Samson, like Jonah, was successful in delivering Israel in spite of his moral flaws, although they brought him down in the end (see Judges 14-16). While Jeremiah, who wept over the destruction of Jerusalem, saw little in terms of results (see Jeremiah 13,19). It is true the apostles had 3,000 and 5,000 converts in two of their first sermons (Acts 2:41; 4:4), and they are said to have turned the world upside down (Acts 17:6). But nowhere is this attributed to the apostles' spirituality. The point is not the spirituality of the apostles but the great power of God, and that the God who accomplished these things is with us--even if we do not see such spectacular results.

But we should not make the opposite mistake and assume large numbers and success mean a ministry is superficial and catering to people's whims. It is true you can be successful by telling people what they want to hear (2 Timothy 4:3-4) and abolishing the stumbling block of the cross (1 Corinthians 1:21-25). But one can also be successful because God is at work (see above). How then are we to judge?

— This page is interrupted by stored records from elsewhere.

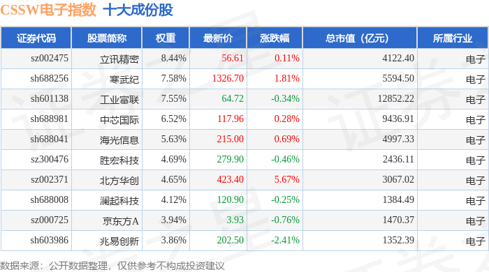 CSSW电子(399811)指数十大成份股详情如下: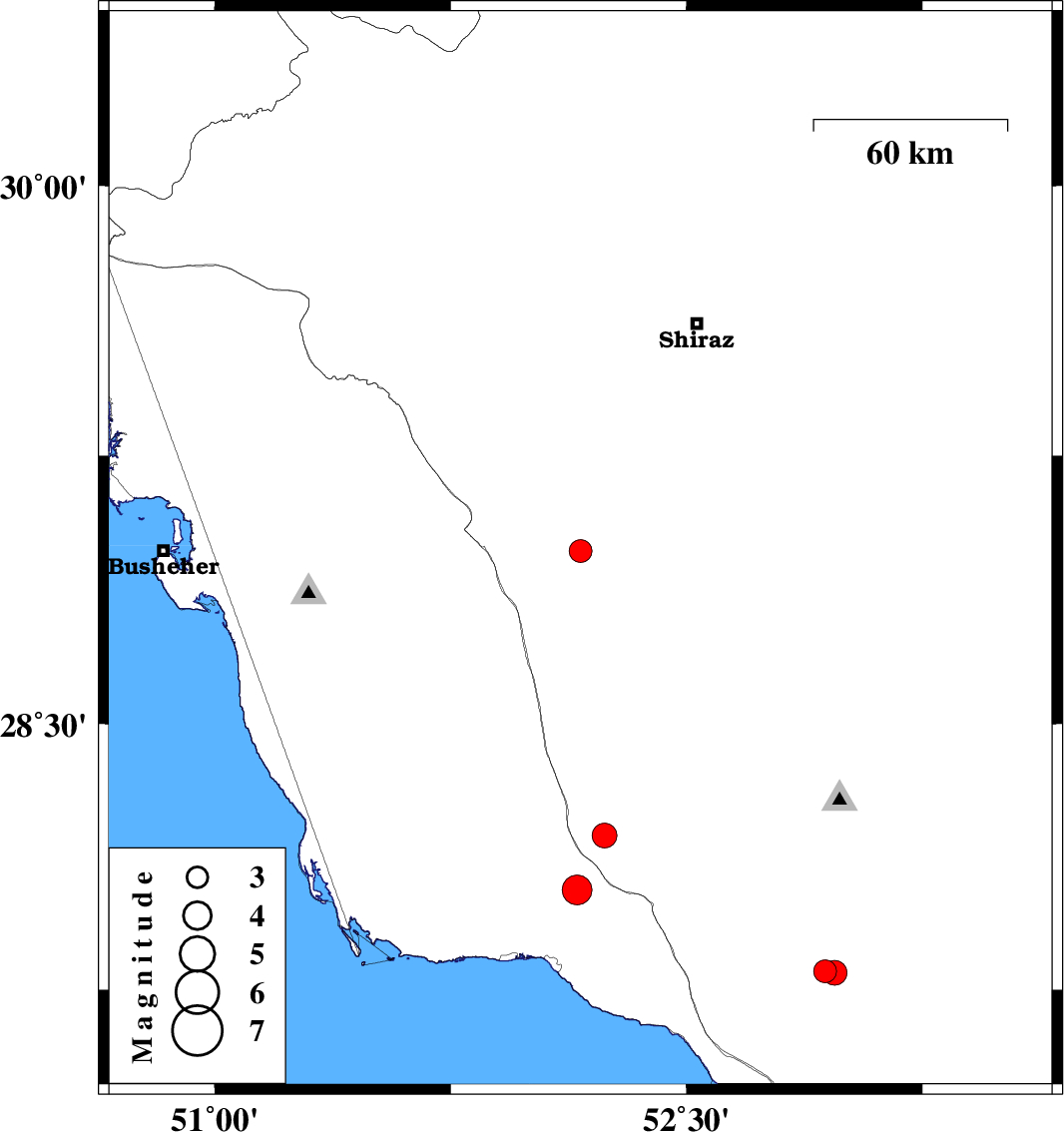 | 2021/10/31 | 07:49:13.3 | 11:19:13.3 | 27.798 | 52.972 | 10 | ML:3.5 | Fars Province, 29 km North of Mehr |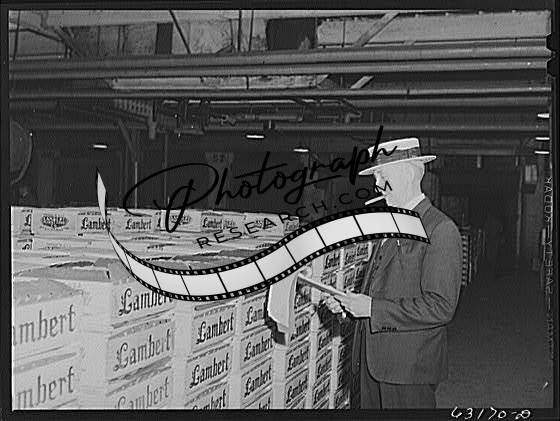 Title: Commission merchants at fruit terminal warehouse before early morning auction. Chicago, Illinois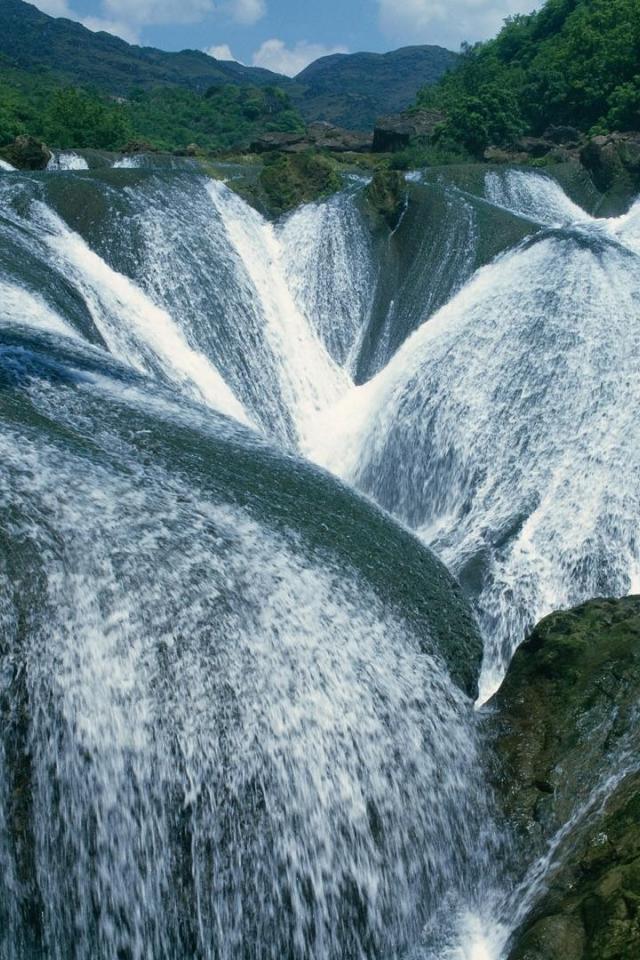 Wallpaper Unusual waterfall in ravine

May I suggest we are not. Paul advises us not to judge before the time and says he does not even judge himself (1 Corinthians 4:3-5), and we are admonished not to judge one another (James 4:11,12). This does not mean that we should not correct specific errors. We are commanded to do that (Galatians 6:1; Romans 16:17). But I do not believe it is scriptural to make general judgments of other people's spirituality; only God can do that (Romans 14:4,10-12). There may be those we think are impressive whose works turn out to be wood, hay, and stubble (1 Corinthians 3:10-15) and obscure people whose works turn out to be gold, silver, and precious stones. (Or there may be people who appear impressive and truly are and obscure people who are just obscure. We should avoid judging what only God can judge.) But we should rather ask how can we better follow God (Philippians 3:13-14) and better reach out to those who need to know Him (Matthew 28:18-20). If the example or procedure used by someone else helps us in this, it is all to the good. But let us not be confused by mere numbers.